Schema Sync automates schema evolution by detecting and applying source schema changes to offloaded tables. Schema Sync can be scheduled or used interactively to search one or more schemas for data model changes to offloaded tables and either automatically apply these changes to the corresponding offloaded backend table or simply record the relevant SQL and present commands to a file to apply the changes later.

Schema Sync is invoked using the schema_sync binary located in the $OFFLOAD_HOME/bin directory.

Supported Operations

Schema Sync only detects changes to RDBMS tables that have been offloaded and propagates the changes to the corresponding tables in the backend system. Changes to presented tables can be propagated to the RDBMS with Present.

Schema Sync currently supports the addition of new columns only. For other types of schema changes, such as renaming columns, changing column sizes, dropping columns, manual schema evolution is required (see Schema Evolution in the Present guide for details). Manual schema evolution is also required when a new RDBMS column has a default value. In such cases, Schema Sync can be used to propagate the new column, but will not back-populate it after adding it to the backend table.

Selecting Tables

Use the --include option to select tables to examine for change detection and evolution. This option accepts a CSV list of schemas, schema.tables or tables, and wildcards are supported. If this option is not supplied, then Schema Sync will examine all offloaded tables in the database for changes.

Recording Changes

The --command-file option can be used to record the commands that have been applied (if the --execute option has been used) or will be applied manually (i.e. if the --execute option has not been used). All commands are provided in the sequence they have been (or need to be) applied.

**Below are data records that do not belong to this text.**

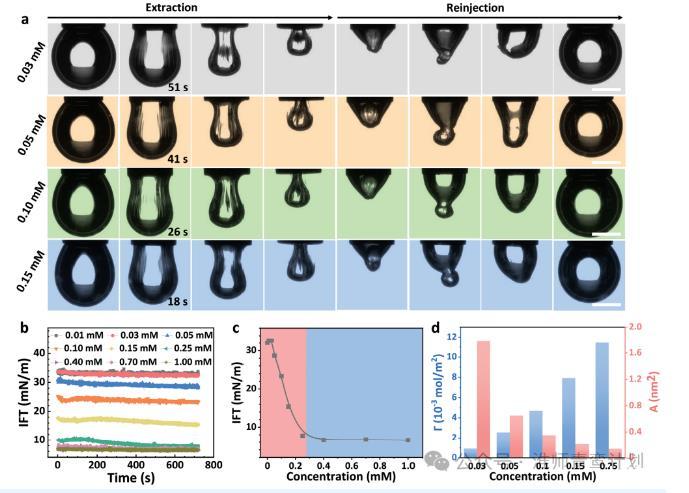 首先,在GL和SSD共組裝之前,用垂滴張力法研究了GL在水-甲苯中的界面行為。如圖1a所示,當(dāng)提取濃度為0.03、0.05、0.10和0.15 mM的甲苯中GL水溶液的液滴時,分別在51、41、26和18 s時,液滴界面面積減小,在液滴界面上出現(xiàn)了明顯的起皺。同樣,當(dāng)液滴完全虹吸到針管中并重新注入到初始體積時,起皺現(xiàn)象重新出現(xiàn),液滴由不規(guī)則逐漸擴大到規(guī)則。抽注過程中起皺現(xiàn)象的出現(xiàn),有力地揭示了水-甲苯界面處彈性膜的形成。圖1b測量了GL溶液和甲苯之間的時間分辨界面張力(IFT)。當(dāng)GL濃度<0.03 mM時,甲苯與GL溶液之間的界面張力近似等于純水與甲苯之間的界面張力(≈32 mN·m?1)。隨著GL溶液濃度從0.03增加到0.25 mN·m?1,界面張力下降到6.8 mN·m?1,而從0.25到1.00 mM,界面張力保持在6.8 mN·m?1不變當(dāng)GL濃度<0.03 mM時,甲苯與GL溶液之間的界面張力近似等于純水與甲苯之間的界面張力(≈32 mN·m?1)。隨著GL溶液濃度從0.03增加到0.25 mM,界面張力下降到6.8 mN·m?1,而從0.25到1.00 mM,界面張力保持在6.8 mN·m?1不變。據(jù)此,確定0.25 mM為GL分子在水-甲苯界面處的臨界膠束濃度(CMC)(圖1c)。這意味著液滴在GL的CMC以下會發(fā)生收縮,而在CMC以上液滴會發(fā)生起皺。為了進一步解釋這一現(xiàn)象,我們計算了不同濃度下GL分子的界面吸附容量和截面積。圖1d我們可以看到GL的界面吸附量隨濃度的增加成比例增加,相反,隨著濃度的增加,橫截面積減小。綜上所述,GL是一種特殊的兩親分子,可以在油水界面形成界面膜。
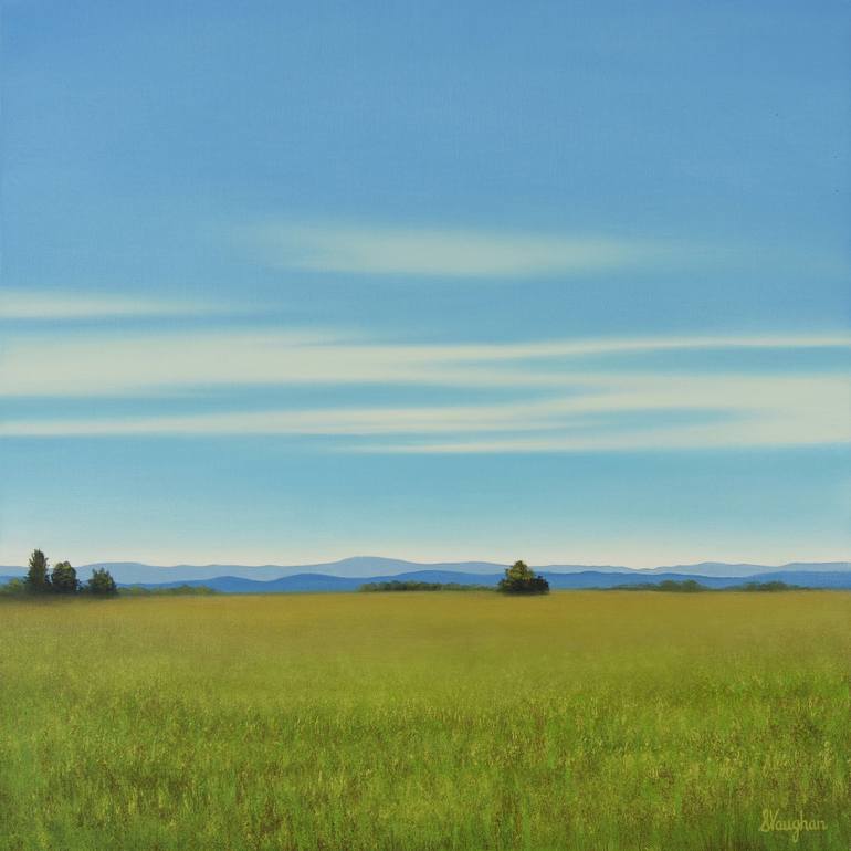 “Summer Grass” is a modern minimal landscape oil painting from the Blue Sky Series. Featuring an expansive sky with soft linear and atmospheric clouds in a vibrant blue sky above a glowing field of lush green grass. Inspired by the calming fresh energy of verdant Summer grass swaying in the gentle b...
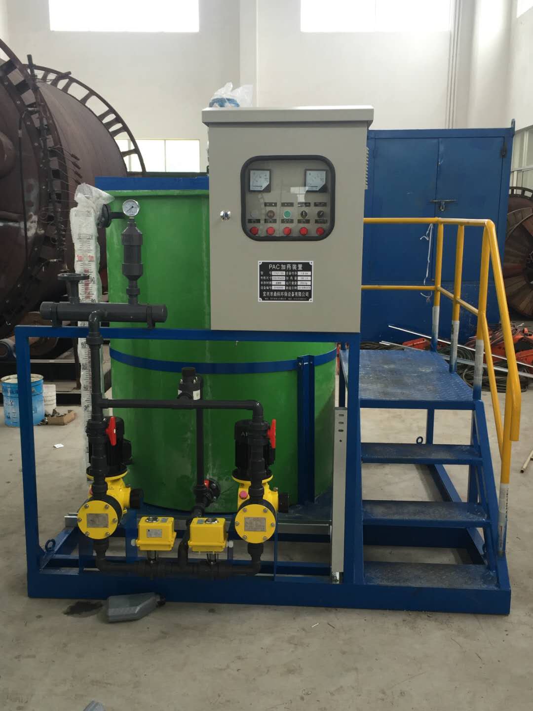加药装置由溶液罐、若干法兰、阀门等组成。配置两台计量泵,两台计量泵为一用一备,这样方便用户在不停机的状态下进行检修、更换配件。
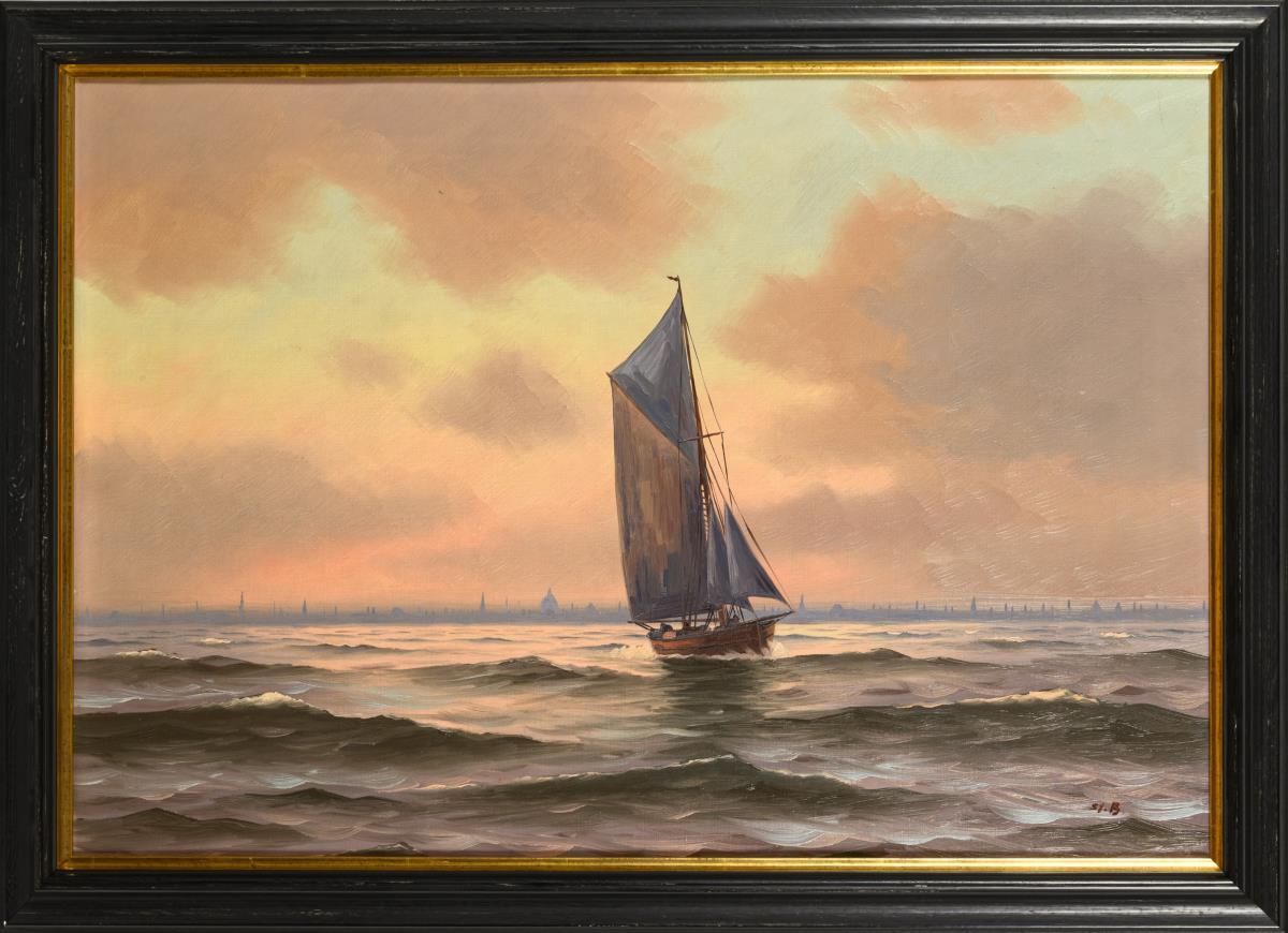 Segler wohl in der Meerenge Öresund mit Blick auf die Stadt an der Küste. Minimale Altersspuren.

Aggregation Hybrid Objects

If the table was originally offloaded using the --no-create-aggregations option, the --no-create-aggregations option must be used with Schema Sync to prevent the aggregation hybrid objects from being created.

Example 1: Synchronize Column Additions to Several Tables in a Schema

If several tables have had column additions for a schema, the --include can be used to specify a schema, and Schema Sync will process only those tables with column additions. The following example restricts Schema Sync operations to the SH schema:

$ $OFFLOAD_HOME/bin/schema_sync --include=SH -x

Example 2: Synchronize Column Additions to Several Tables

The --include option can be used to specify several tables in a single CSV list, as follows:

$ $OFFLOAD_HOME/bin/schema_sync --include=SH.SALES,HR.EMPLOYEES -x

Offload Status Report

Gluent Data Platform includes the Offload Status Report utility to report the state and progress of offloaded tables. It is invoked using the offload_status_report binary located in the $OFFLOAD_HOME/bin directory.

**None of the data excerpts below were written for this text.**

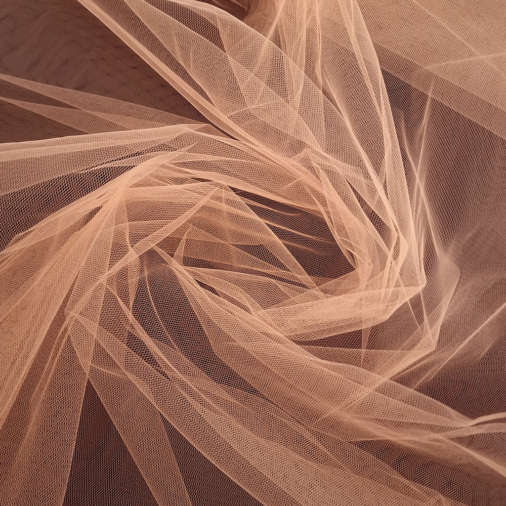 Polyamidový tyl , šíře 280 cm, jemný , jemná meruňková barva. Vhodný na závoje, vrchní sukně, dekorace.
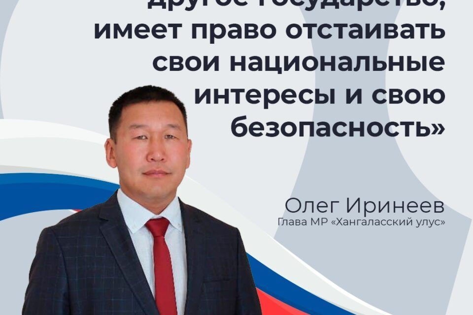 Глава МР «Хангаласский улус» Олег Иринеев поддерживает решение президента РФ о признании независимости Донецкой и Луганской народных республик.
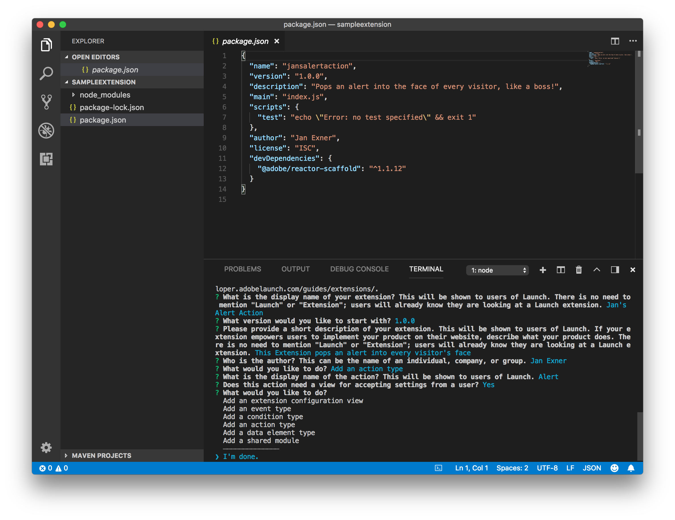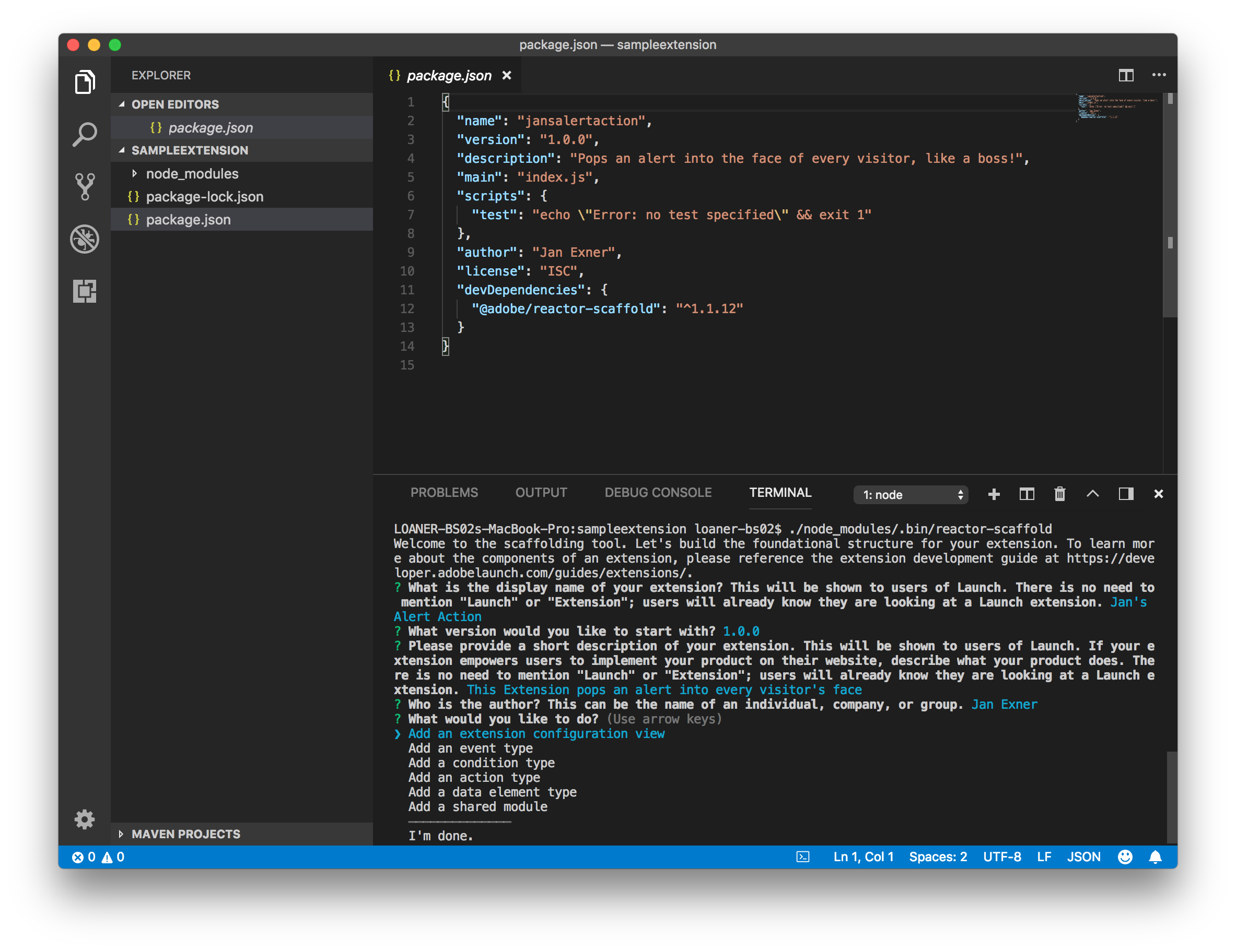 9. Type npm install @adobe/reactor-scaffold --save-dev into the command line
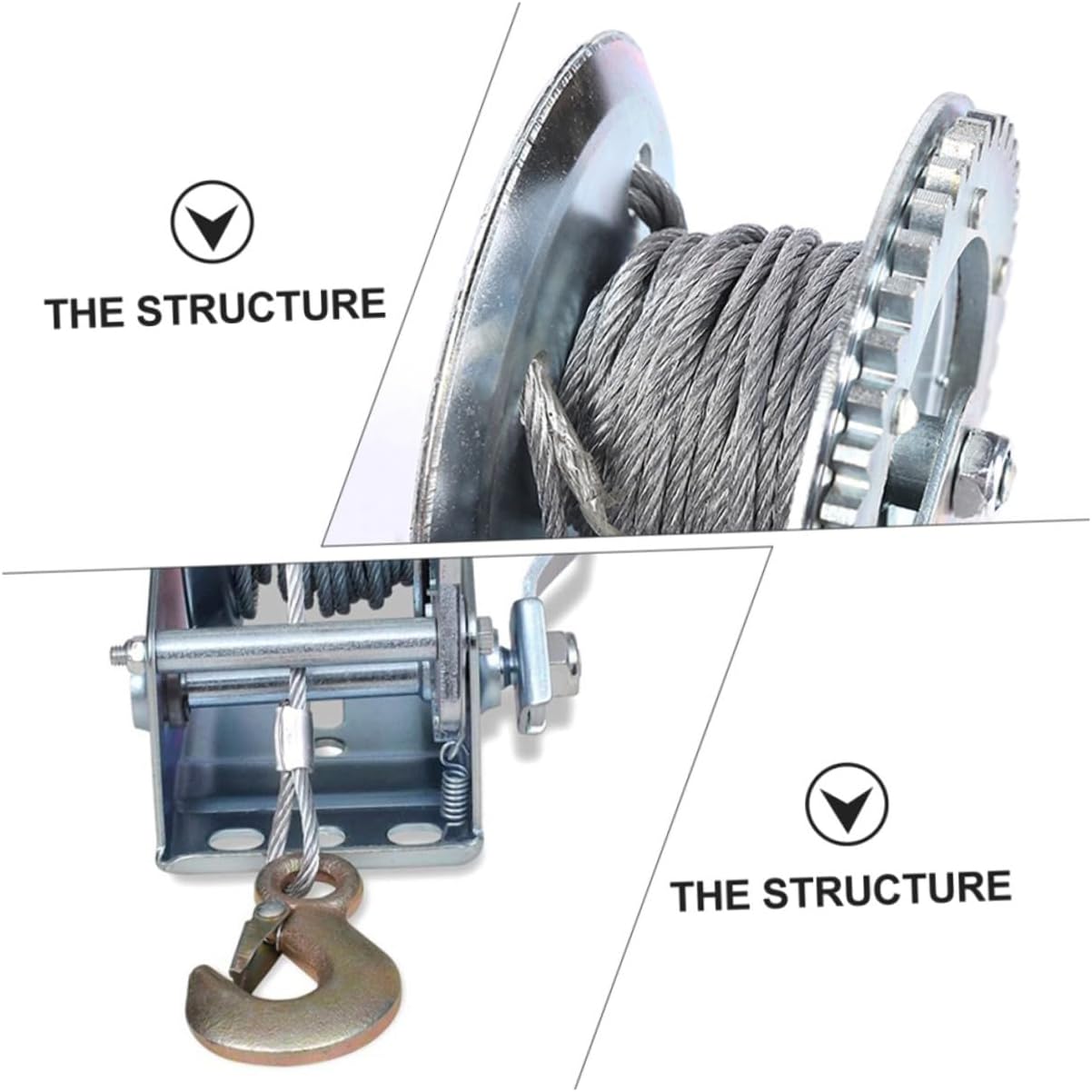 Package Include 1 x hand winch 1 x steel wire rope (10m) Features -Cable length: about 10m/32.8ft trailer winch for boat. -Pull force: 1500 kg portable winch rope. -Breaking strength: about 1500kg portable crank hand winch. -Wire rope diameter: about 4 mm/0.16 inch winch for truck. -Product Info:Hand winch with steel cable -Material: Steel. -Gear ratio: 4.1:1 hand winch with cable. - Size: 25.00X19.00X15.00cm/9.82X7.47X5.89in -Color: Silver. -Fine workmanship, excellent texture, maximum strength, long life, rust-proof and durable wire rope. -It can be used to lift heavy objects and tow. It is an excellent vehicle accessory boat anchor winch. -The product has high strength, good texture, and can be durable for a long time, providing you with a better way of traction and handling Towing Winches. -Preferred materials, , safe, durable and practical. -The design is great, the handle is arc-shaped, and the good structure helps reduce user fatigue and productivity heavy-duty winch.Goods Descriptiontowing towing winch It can serve you better and will bring you a better experience.trailer winch rope It is made of excellent craftsmanship, more durable, not easy to damage and wear, and has a .Winch with Wire Rope The heavy-duty steel hand winch has reasonable design, practical functions and strong carrying capacity, which can provide better traction and help you to carry it more easily

Offload Status Report provides a database, schema and table level breakdown of data into retained, reclaimable and offloaded categories. It can be used in summary or detail modes, and can be run against a schema, table or database. If the Offload Status Report is run at detail level, additional information is provided for each table.

Offload Status Report Scope

A report can be generated with Offload Status Report at any of the following levels:

  • Database: In the absence of the --schema and --table options the report will be database-wide (default)

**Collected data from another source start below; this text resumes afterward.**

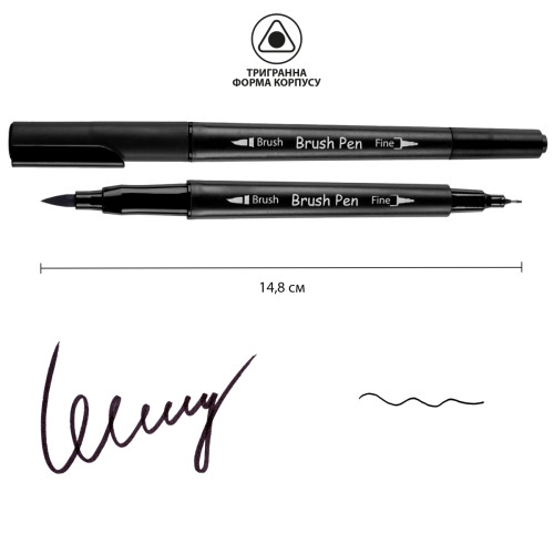Акварельный маркер Черный SW-27, SANTI Brush Pen двусторонний
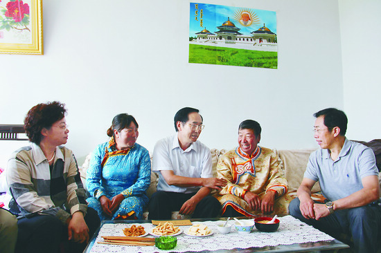 黄花沟嘎查是此次文化交流慰问团在内蒙古走访牧民的最后一站。得知艺术家们要来看望自己,牧民武永继、敖特更夫妇早早就在村口等着,热情地把大家迎到家里,连说:“感谢首都艺术家来看望我们,给我们带来了精彩的文艺节目。”
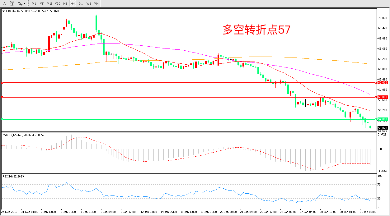 交易策略:在57.00 之下看跌,目标55.00 52.00
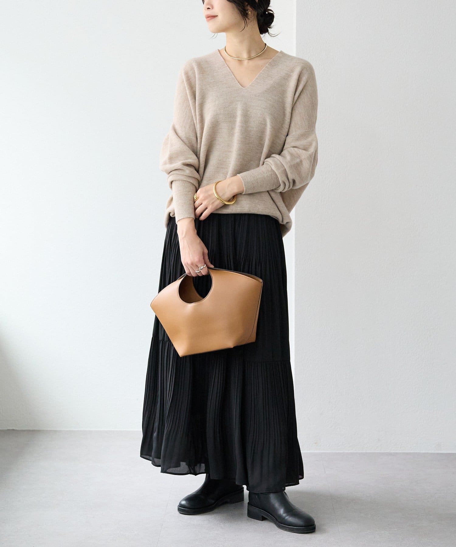リラクシー且つキレイ目見えするボトムと相性がよく、今っぽく着れるベーシックさが魅力の一枚です。

  • Schema: If only the --schema option is specified, the report will include all tables for that schema

  • Table: Typically both --schema and --table options are listed for a specific table. Although --table can be used to get a table with the same name across schemas

Offload Status Report Output Level

By default, Offload Status Report generates reports at summary level. The level of detail can be increased with the --output-level option set to detail.

Summary-level reports include the following information:

  • Report Options: Options specified when running the report

  • Database Environment: RDBMS and backend database details

  • Schema Summary: Statistics for retained, reclaimable and offloaded data summarized by schema

  • Table Summary: Statistics for retained, reclaimable and offloaded data summarized by table

Detail-level reports include the following additional information per table:

  • Offload Summary Statistics: Statistics for retained, reclaimable and offloaded data

  • Offload Table Details: Base RDBMS and backend hybrid objects

  • Offload Parameters: Offload metadata

  • Dependent Hybrid Objects: Supporting hybrid objects created for optimizations such as Advanced Aggregation Pushdown or Join Pushdown

Offload Status Report Output Format

By default, Offload Status Report will generate a report as a text file. The --output-format option can be used with one of the following values as required: text, html, csv, json. Note that the csv option can be further configured with the --csv-delimiter and --csv-enclosure options.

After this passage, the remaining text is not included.